DATA TO EXAMINE:
■ ■ ■ ■ ■ ■ ■

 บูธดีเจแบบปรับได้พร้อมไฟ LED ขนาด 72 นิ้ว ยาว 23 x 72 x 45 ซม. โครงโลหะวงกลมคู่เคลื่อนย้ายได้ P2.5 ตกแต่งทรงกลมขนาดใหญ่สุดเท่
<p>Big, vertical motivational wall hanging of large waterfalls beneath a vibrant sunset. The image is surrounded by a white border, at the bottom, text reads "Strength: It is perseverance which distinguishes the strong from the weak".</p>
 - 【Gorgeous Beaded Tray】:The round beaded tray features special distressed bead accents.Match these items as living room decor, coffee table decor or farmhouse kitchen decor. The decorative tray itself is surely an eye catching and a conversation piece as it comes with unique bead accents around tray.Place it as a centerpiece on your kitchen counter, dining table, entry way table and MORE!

■ ■ ■ ■ ■ ■ ■

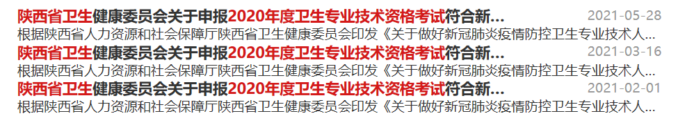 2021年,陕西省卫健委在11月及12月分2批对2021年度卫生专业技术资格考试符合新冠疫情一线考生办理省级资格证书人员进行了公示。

■ ■ ■ ■ ■ ■ ■

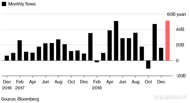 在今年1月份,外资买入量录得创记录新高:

■ ■ ■ ■ ■ ■ ■

TASK REQUIREMENTS: Using the records above, restate word for word the lines from the one with "บูธดีเจแบบปรับได้พร้อมไฟ LED ขนาด" through the one with "- 【Gorgeous Beaded", both included.

EXERCISE ANSWER:
 บูธดีเจแบบปรับได้พร้อมไฟ LED ขนาด 72 นิ้ว ยาว 23 x 72 x 45 ซม. โครงโลหะวงกลมคู่เคลื่อนย้ายได้ P2.5 ตกแต่งทรงกลมขนาดใหญ่สุดเท่
<p>Big, vertical motivational wall hanging of large waterfalls beneath a vibrant sunset. The image is surrounded by a white border, at the bottom, text reads "Strength: It is perseverance which distinguishes the strong from the weak".</p>
 - 【Gorgeous Beaded Tray】:The round beaded tray features special distressed bead accents.Match these items as living room decor, coffee table decor or farmhouse kitchen decor. The decorative tray itself is surely an eye catching and a conversation piece as it comes with unique bead accents around tray.Place it as a centerpiece on your kitchen counter, dining table, entry way table and MORE!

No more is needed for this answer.